▸ **Dataset entries**:
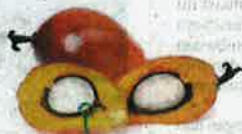
Palm kernel shell

Bentuk tempurung kelapa sawit sebelum diproses menjadi serbuk untuk dijadikan bahan dalam penghasilan makanan ruminan.
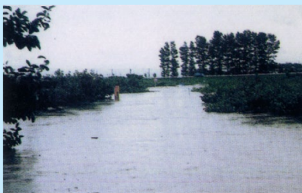
▲ 増水の状況 (赤川/三川町横山地区/平成2年6月27日)
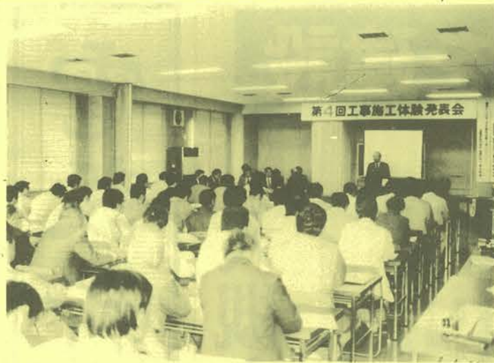
第4回工事施工体験発表会
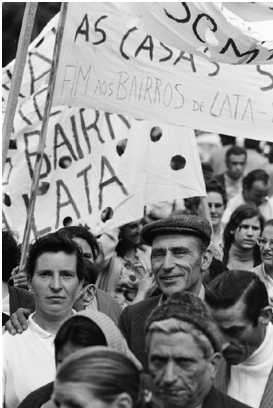
Figura 47 Manifestação casas sim barracas não, fim aos bairros da lata. Negativo de gelatina e prata em acetato de celulose. Parque Eduardo VII (Lisboa), 1975-06. Luis Pavão (1954-). PT/AMLSB/LUP/000003
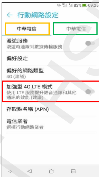
5. 選擇 SIM1/SIM2
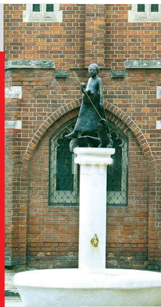
Statuia de lângă Biserica Anglicană

La PROMENADĂ printre operele măiestre ale sculptorului Virgil Scripcariu
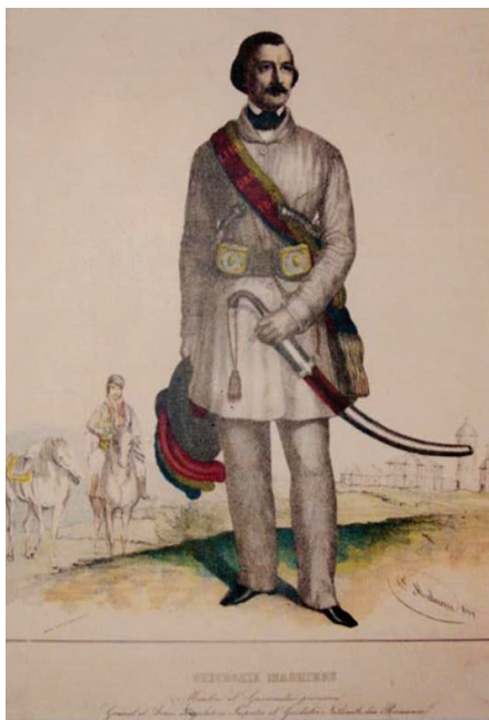
Fig. 1 Generalul Gheorghe Magheru, litografie color. (Colecția Tipărituri și imprimate, M.M.B.).
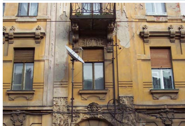
GREȘITI! Se interzice montarea antenelor și a cablurilor vizibil pe fațadele istorice, pentru că alterează grav aspectul clădirilor.
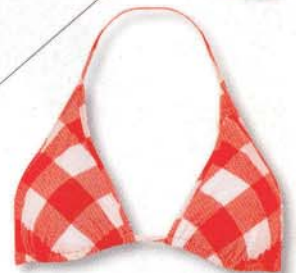
Karo-As Bikini von LAHCO, Set um 200 Euro
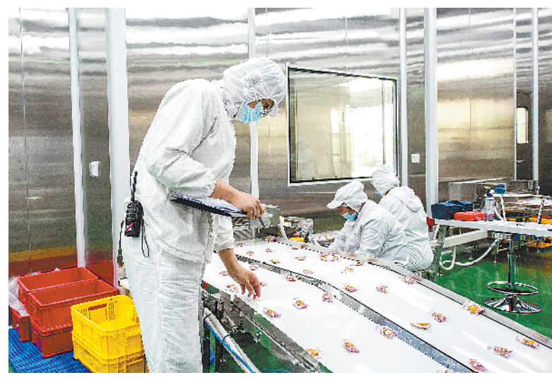
繁昌经济开发区溜溜果园企业员工在生产线上忙碌。
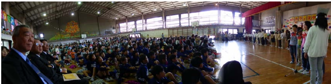
【3年生：英語劇「THE BIG TURNIP」】
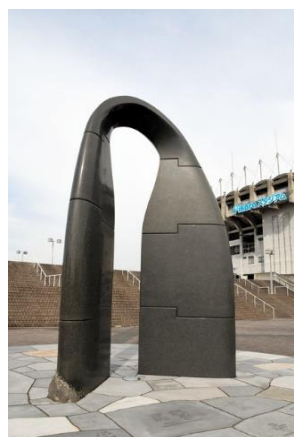
丸亀競技場モニュメント 「記録の門」
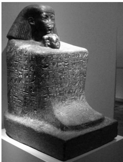
Статуя зодчего Сененмута с царевной Нефрура

дошел до Евфрата. В одной из надписей он называет себя Владыкой Вселенной.
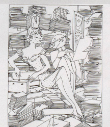
Der Papiermensch der Bundesverwaltung bringt im vergangenen Jahr 1965 keinen, das sind 150 Tonnen mehr als im Vorjahr. «Macht mer so den Hüpfen» - «Der See, das mer schmeißt Abzug, stellen Logbuch!» - «Ich schen ich mit dem Papier-Schäp!» - Der Papiermensch der Bundesverwaltung bringt im vergangenen Jahr 1965 keinen, das sind 150 Tonnen mehr als im Vorjahr. «Macht mer so den Hüpfen» - «Der See, das mer schmeißt Abzug, stellen Logbuch!» - «Ich schen ich mit dem Papier-Schäp!» 1965
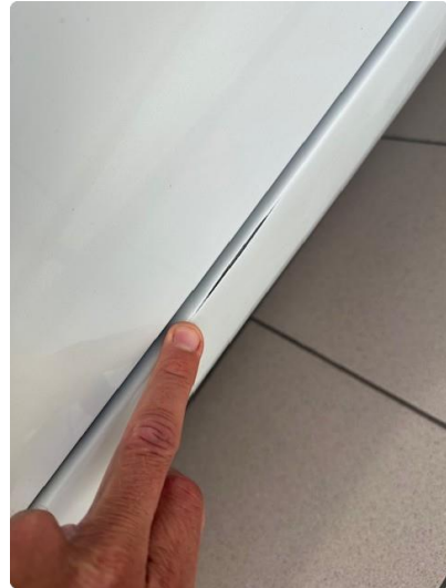
1.2 Slitasje lakk innsteg førerside.
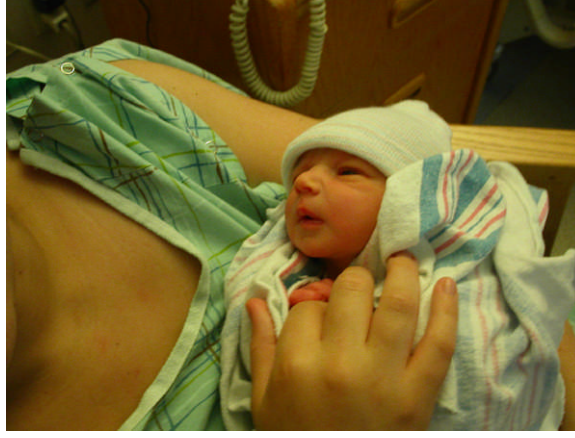
Fotoğraf 1.2: Doğal beslenme, Altıncı aya kadar bebek emzirilmelidir
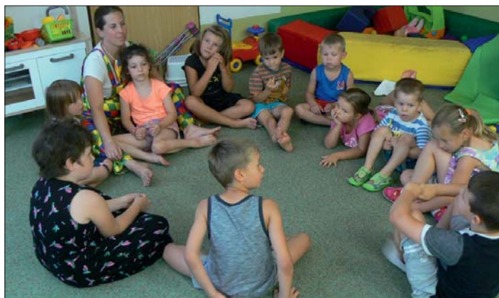
Před žhavým sluníčkem jsme se schovali v chládku klubovny.
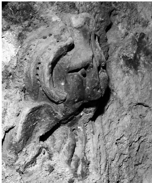
Nikola Firentinac, Lavlje poprse, Zadar, zvonik crkve sv. Krševana
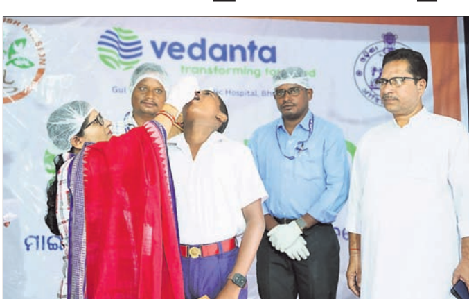
ଜଣେ ଛାତ୍ରକୁ ଚିକା ଦିଆଯାଇଛି ।

ଭବାନୀପାଟଣା/ଲାଞ୍ଜିଗଡ଼, ୨୪।୧୦ (ଉତ୍ତମ କୁମାର ଦାଶ/ରମେଶ ନାୟକ)
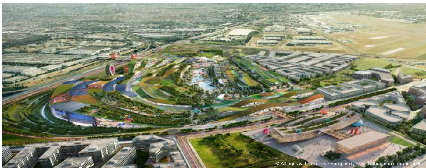
Vue aérienne du projet EuropaCity
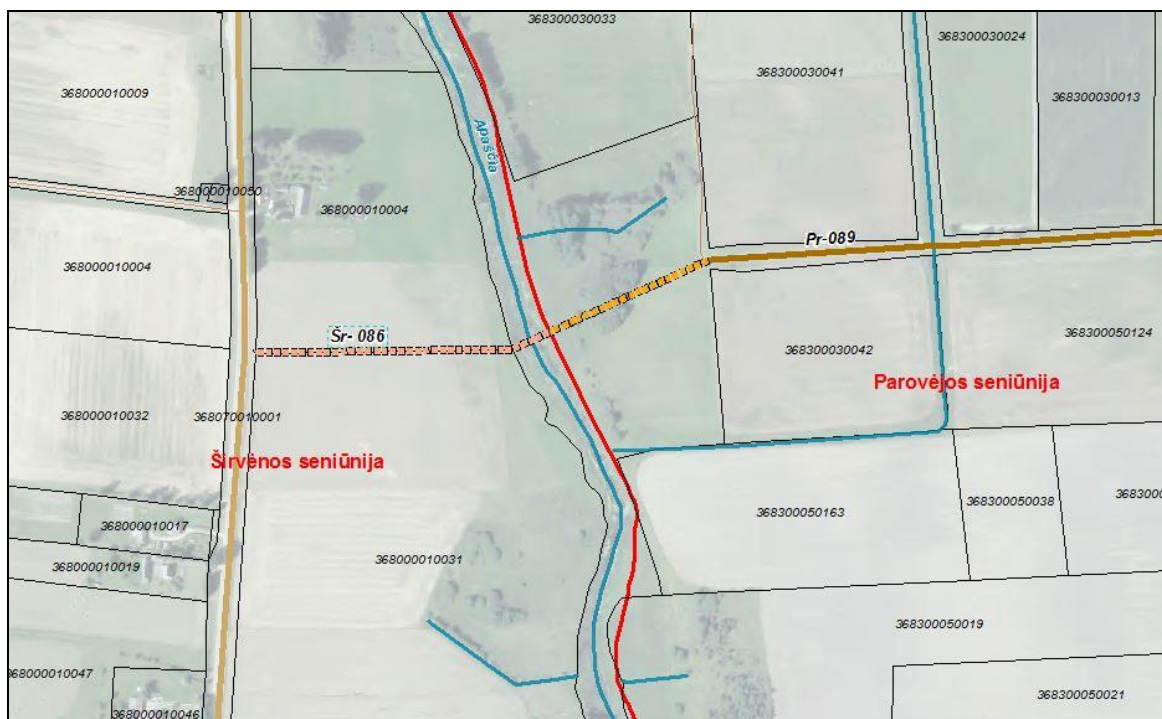
1 pav. Numatoma kelio Nr. Pr-089 rekonstrukcija

Po rekonstrukcijos kelio Pr-089 ilgis būtų 0,65 km. Rekonstruojamo kelio daliai, patenkančiai į Širvėnos seniūniją, suteikiamas numeris Nr. Šr-086. Viso rekonstruojamo kelio plotis pagal kelio kategoriją turi būti ne mažesnis kaip 10 m. Rekonstruojant 0,40 km kelio ruožą bus reikalinga naujo tilto statyba per Apaščios upę ir nuovaža nuo valstybinės reikšmės krašto kelio Nr. 190. 1 paveiksle parodyta planuojamos kelio atkarpos vieta.
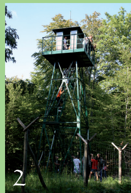
Stockwerke des Waldes Alter Wachturm
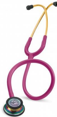
5806 - Framboise édition rainbow 98 €
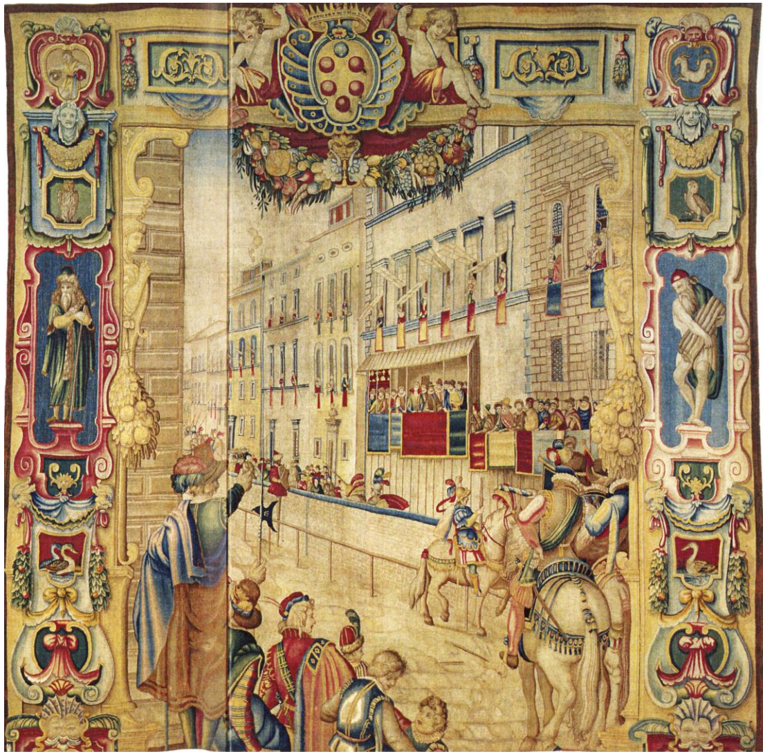
La Giostra del Saracino in via larga, d'après Cinganelli
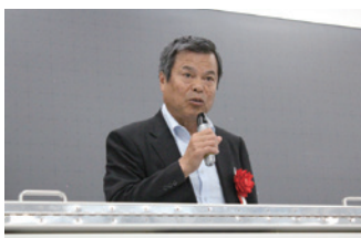
定時総会会長あいさつ

広報費 「神奈川大学サポートガイド2019」、「後援会報(年2回)」の印刷および発送費の支出とホームページの更新費です。
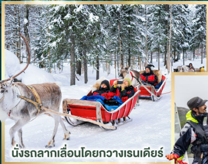
นั่งรถลากเลื่อนโดยกวางเรนเดียร์
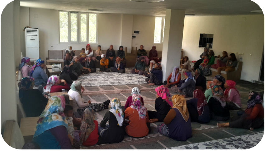
Adıyaman Tut İlçesi Akçatepe Köyü - Taziye Evi

Toplamda 1 ay boyunca ziyaret ettiğimiz beldede, 15 kadınla 2 haftalık grup çalışmasını okul binasında yürüttük. Kadınlar hane içi bakım işlerinin yanı sıra yoğun bir şekilde tütün hasadında çalıştıkları için grup çalışmasını hasat takvimlerine uygun olarak 2 haftayla sınırlandırdık ve ihtiyaç sahiplerine bireysel destek verdik. Geri kalan 2 hafta boyunca ev ziyaretleri gerçekleştirdik. Toplamda 40 kadına destek verdik; bunlar arasından 3 kadınla bireysel PSD görüşmesi, 1 kadınla ise bireysel terapi gerçekleştirdik. Doğum sonrası bebeğiyle ilgili ihtiyaçları olan 1 kadını başka bir kuruma yönlendirerek destek almasını sağladık.

▸ **Prompt**: Nothing but the pictures should be left out when the material above is copied.

▸ **Reply to the task**:
Palm kernel shell

Bentuk tempurung kelapa sawit sebelum diproses menjadi serbuk untuk dijadikan bahan dalam penghasilan makanan ruminan.
▲ 増水の状況 (赤川/三川町横山地区/平成2年6月27日)
第4回工事施工体験発表会
Figura 47 Manifestação casas sim barracas não, fim aos bairros da lata. Negativo de gelatina e prata em acetato de celulose. Parque Eduardo VII (Lisboa), 1975-06. Luis Pavão (1954-). PT/AMLSB/LUP/000003
5. 選擇 SIM1/SIM2
Statuia de lângă Biserica Anglicană

La PROMENADĂ printre operele măiestre ale sculptorului Virgil Scripcariu
Fig. 1 Generalul Gheorghe Magheru, litografie color. (Colecția Tipărituri și imprimate, M.M.B.).
GREȘITI! Se interzice montarea antenelor și a cablurilor vizibil pe fațadele istorice, pentru că alterează grav aspectul clădirilor.
Karo-As Bikini von LAHCO, Set um 200 Euro
繁昌经济开发区溜溜果园企业员工在生产线上忙碌。
【3年生：英語劇「THE BIG TURNIP」】
丸亀競技場モニュメント 「記録の門」
Статуя зодчего Сененмута с царевной Нефрура

дошел до Евфрата. В одной из надписей он называет себя Владыкой Вселенной.
Der Papiermensch der Bundesverwaltung bringt im vergangenen Jahr 1965 keinen, das sind 150 Tonnen mehr als im Vorjahr. «Macht mer so den Hüpfen» - «Der See, das mer schmeißt Abzug, stellen Logbuch!» - «Ich schen ich mit dem Papier-Schäp!» - Der Papiermensch der Bundesverwaltung bringt im vergangenen Jahr 1965 keinen, das sind 150 Tonnen mehr als im Vorjahr. «Macht mer so den Hüpfen» - «Der See, das mer schmeißt Abzug, stellen Logbuch!» - «Ich schen ich mit dem Papier-Schäp!» 1965
1.2 Slitasje lakk innsteg førerside.
Fotoğraf 1.2: Doğal beslenme, Altıncı aya kadar bebek emzirilmelidir
Před žhavým sluníčkem jsme se schovali v chládku klubovny.
Nikola Firentinac, Lavlje poprse, Zadar, zvonik crkve sv. Krševana
ଜଣେ ଛାତ୍ରକୁ ଚିକା ଦିଆଯାଇଛି ।

ଭବାନୀପାଟଣା/ଲାଞ୍ଜିଗଡ଼, ୨୪।୧୦ (ଉତ୍ତମ କୁମାର ଦାଶ/ରମେଶ ନାୟକ)
Vue aérienne du projet EuropaCity
1 pav. Numatoma kelio Nr. Pr-089 rekonstrukcija

Po rekonstrukcijos kelio Pr-089 ilgis būtų 0,65 km. Rekonstruojamo kelio daliai, patenkančiai į Širvėnos seniūniją, suteikiamas numeris Nr. Šr-086. Viso rekonstruojamo kelio plotis pagal kelio kategoriją turi būti ne mažesnis kaip 10 m. Rekonstruojant 0,40 km kelio ruožą bus reikalinga naujo tilto statyba per Apaščios upę ir nuovaža nuo valstybinės reikšmės krašto kelio Nr. 190. 1 paveiksle parodyta planuojamos kelio atkarpos vieta.
Stockwerke des Waldes Alter Wachturm
5806 - Framboise édition rainbow 98 €
La Giostra del Saracino in via larga, d'après Cinganelli
定時総会会長あいさつ

広報費 「神奈川大学サポートガイド2019」、「後援会報(年2回)」の印刷および発送費の支出とホームページの更新費です。
นั่งรถลากเลื่อนโดยกวางเรนเดียร์
Adıyaman Tut İlçesi Akçatepe Köyü - Taziye Evi

Toplamda 1 ay boyunca ziyaret ettiğimiz beldede, 15 kadınla 2 haftalık grup çalışmasını okul binasında yürüttük. Kadınlar hane içi bakım işlerinin yanı sıra yoğun bir şekilde tütün hasadında çalıştıkları için grup çalışmasını hasat takvimlerine uygun olarak 2 haftayla sınırlandırdık ve ihtiyaç sahiplerine bireysel destek verdik. Geri kalan 2 hafta boyunca ev ziyaretleri gerçekleştirdik. Toplamda 40 kadına destek verdik; bunlar arasından 3 kadınla bireysel PSD görüşmesi, 1 kadınla ise bireysel terapi gerçekleştirdik. Doğum sonrası bebeğiyle ilgili ihtiyaçları olan 1 kadını başka bir kuruma yönlendirerek destek almasını sağladık.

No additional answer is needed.